I don't think that answered my question. How does a developer interact with the event data/body? Do they type-cast all the way down?

yaronha commented 6 years ago

@inlined can use map or json libs that dont require schema like: https://github.com/buger/jsonparser/blob/master/README.md

inlined commented 6 years ago

I think this will just be one of our stylistic differences.

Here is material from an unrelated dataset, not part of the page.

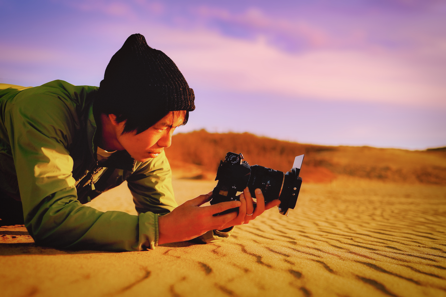 砂丘に這いつくばる様にして光学ファインダーを覗いて撮影した。陽が沈んで空が焼けたその光をしっかり目に焼き付けながらシャッターを切った。

In my own SDKs I will try to push back on stringly typed systems since I find they lead to user error and customer support burden.

yaronha commented 6 years ago

@inlined i wasn't expressing an opinion/style, just state that you have 3 options in typed langs like Go: 1. use type specific structs, 2. use map[string]interface, 3. use such iterators like jsonparser.

i guess the "opinion" also depends on the use-case :)

rspielmann commented 6 years ago

Reading the spec and then stumbling across this issue, I was and still am confused in a slightly different way, but I'm not (yet) willing to open a new issue for it: the wording "the data attribute" occurs to me like it's wrong in the context of JSON. Shouldn't it be called "the data property" or "the value of the data property"? When I read something like "the data attribute", I personally think of HTML, XML etc., but not of JSON.

duglin commented 6 years ago

@cathyhongzhang is this still an issue? If so, do you want to open a PR with some suggested text?

cathyhongzhang commented 6 years ago

After all the changes on data, data attribute, I do not see an issue anymore. Thanks.

duglin commented 6 years ago

ok thanks @cathyhongzhang - closing for you